The largest proportion of colorectal cancers are considered sporadic, which means there is no history of CRC in first degree relatives or a history of the hereditary forms of the disease among family members. No specific gene has been identified in patients with sporadic CRC. Familial colorectal cancers occur in persons who have at least one first degree relative with CRC. Researchers theorize that 1) the susceptibility to CRC may be linked to a recessive gene or genes that produce a heightened susceptibility to carcinogenic mutations in the intestinal mucosa; 2) dietary and environmental factors may play a key role in carcinogenesis rather than genetic inheritance; or 3) a combination of genetic predisposition and environmental triggers result in the development of CRC. Hereditary forms of CRC show a distinct autosomal-dominant pattern of transmission.
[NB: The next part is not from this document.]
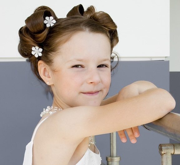Это взрослая прическа удивительно гармонично и элегантно смотрится на девочках 5-7 лет и старше. Сделать ее достаточно просто и окажется под силу любой маме, нужно лишь приобрести специальное приспособление – валик для волос.
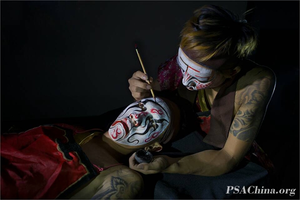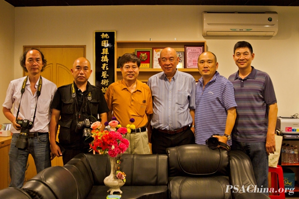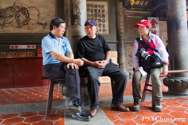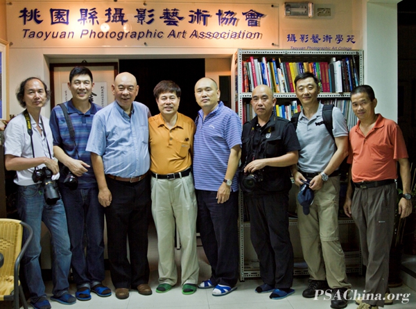 一、台北集合摄影八家将 美国摄影学会(中国)PSA China 精英讲师团成员获奖摄影精品在台湾展出, PSA China主席邓大端先生、讲师团成员广州的陈列先生、陈金成先生、福建的万毅先生和江苏的潘金明先生在2014年8月15日陆续抵台,在新北市集贤商务酒店汇合。 桃园机场到台北市的高架公路好像浮在城市的半空,让我们感受到现代的速度,从车窗两边望去,城市的楼宇连着的葱郁的农田,一切又非常踏实。跑下高架尽头,汽车很快就被淹没在狭窄喧嚣的小街上,节次鳞比的店铺招牌,店铺门口停放的机车,让广州来的陈列和陈金成恍然觉得似乎还在广州。接待我们的中华艺术摄影家协会的副秘书长刘育麟先生不时地为我们介绍着让我们即陌生又似乎熟悉的城市,台湾的一级行政区划是县,县下是市、镇、乡。我们第一站下榻的酒店在新北市,是台北的外围。就好像台北是蛋黄,新北市是蛋清。我们明天的影展开幕式在台北的中心区域——台北艺术馆。在台湾的每个县市有两条街道是必有的,一个是中正路,另一个是中山路,而这两条路一定是这个县市的中心。 晚上7点——10点,是拍摄台湾人文风俗“八家将”的时间。这也是中华艺术摄影家协会特意为我们一行安排的。学会在桃园县中坜市一幢小楼内,二层是一个大约300平米左右的摄影棚,三层是学会办公和摄影培训教室。二层的摄影棚的墙上整齐地陈列着学员们不同主题的摄影作品。我们来时,学员们已经在这里等候了。培训老师正忙着安排影像背景、灯光、模特的站位和动作。中华艺术摄影家协会国际沙龙总主席、桃园县艺术摄影家协会主席高源彬先生迎接我们。高主席就艺术摄影家协会在沙龙艺术摄影、摄影培训等方面的实践向PSA China 主席邓大端先生作了简要的介绍,并引导我们参观了他们的办公区和教室。

Several types have been identified including: Familial Adenomatous Polyposis (FAP); carriers of the gene have a nearly 100% of developing CRC. In this rare condition, thousands of polyps invade the bowel of the affected individual, usually by age 25. If the polyposis is not treated surgically with total colectomy, cancer will develop in almost all patients by age 40. Hereditary Nonpolyposis Colon Cancer (Lynch Syndrome)—HNPCC is associated with a high frequency of adenocarcinomas arising in the proximal large bowel. HNPCC is often associated with other primary cancers; there is a strong association with ovarian or endometrial cancers in women.